You're a good man for keeping it about your son and not letting it impact his celebration.

 
So, the conclusion of the story: I texted the ex and advised that I was not in agreement with her suggestion and that I would be happy to split the bill with her.

She then responded that the money would be a struggle for her at this time as she has had a number of unexpected expenses most of which were related to her health as she had been suffering symptoms from something doctors have as yet been unable to diagnose.

Trying to find the highest road here, maintain the celebratory air of the occasion (being my child's graduation), I decided to not to bog the whole issue down into a fight over a couple of hundred dollars. I moved on from there and just agreed to cover the bill.
You're a good man for keeping it about your son and not letting it impact his celebration.
This is the right result I think. If she's been a manipulative nightmare all along, maybe less so, but either way I don't think you had much choice other than to do what you did. Well played sir.

 
So, the conclusion of the story: I texted the ex and advised that I was not in agreement with her suggestion and that I would be happy to split the bill with her.

She then responded that the money would be a struggle for her at this time as she has had a number of unexpected expenses most of which were related to her health as she had been suffering symptoms from something doctors have as yet been unable to diagnose.

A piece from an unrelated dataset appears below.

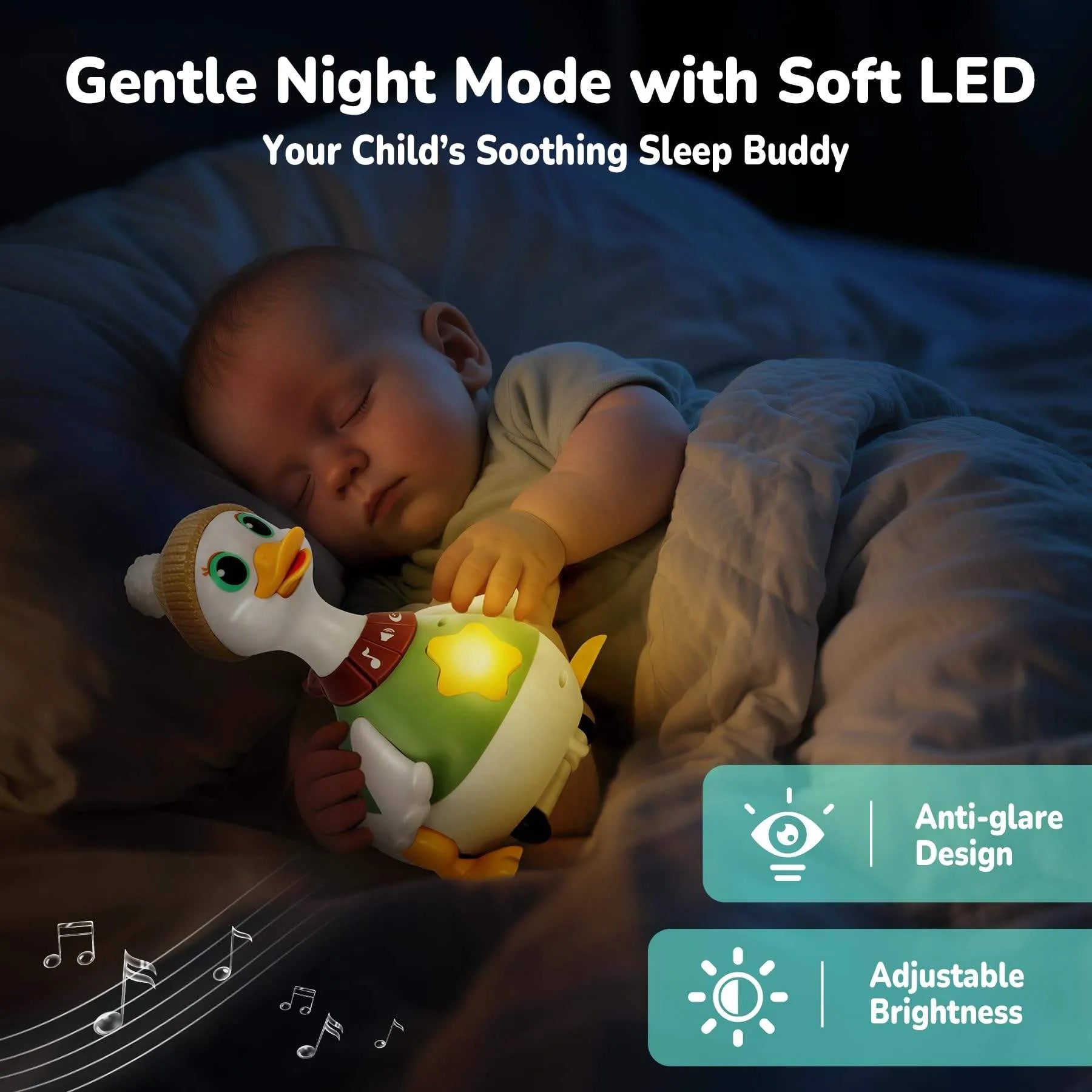 Not at all. It comes with a gentle, baby-friendly melody system and easy button control, so the sound remains pleasant and engaging without being overwhelming.

Trying to find the highest road here, maintain the celebratory air of the occasion (being my child's graduation), I decided to not to bog the whole issue down into a fight over a couple of hundred dollars. I moved on from there and just agreed to cover the bill.
:thumbup:

Good job and congrats on sounding like you're a good dad.

 
Consider it severance money. I would throw in the comment that it would have been better to just ask from the beginning instead of trying to scam me.

 
a couple of hundred dollars. I moved on from there and just agreed to cover the bill.
Is this grad party at McDonalds or Sonny's BBQ?
http://www.carminesnyc.com/locations/upper-west-side-nyc/

Thankfully, I had the foresight to have previously suggested a "family-syle" restaurant where you order four or five large entrees and a few appetizers for everyone. Also thankfully, not many drinkers in the crowd. There was a few beers, pre-meal, a martini and a large bottle of wine for the table. Everyone was quite full after all was said and done and I've got leftovers for two meals. :thumbup:

 
I highly commend your decision! The low road was the high road in this case. You could have made a big deal about it and perhaps been justified in it but it would have taken away from the moment. Congrats on your son's graduation.

 
To think, if she was honest from the beginning this likely wouldn't have been an issue. It's too bad that I don't believe her second story since she lied at first.

You're doing the right thing.

 
a couple of hundred dollars. I moved on from there and just agreed to cover the bill.
Is this grad party at McDonalds or Sonny's BBQ?
http://www.carminesnyc.com/locations/upper-west-side-nyc/

Thankfully, I had the foresight to have previously suggested a "family-syle" restaurant where you order four or five large entrees and a few appetizers for everyone. Also thankfully, not many drinkers in the crowd. There was a few beers, pre-meal, a martini and a large bottle of wine for the table. Everyone was quite full after all was said and done and I've got leftovers for two meals. :thumbup:
Right, you made it a great day for your son, well done.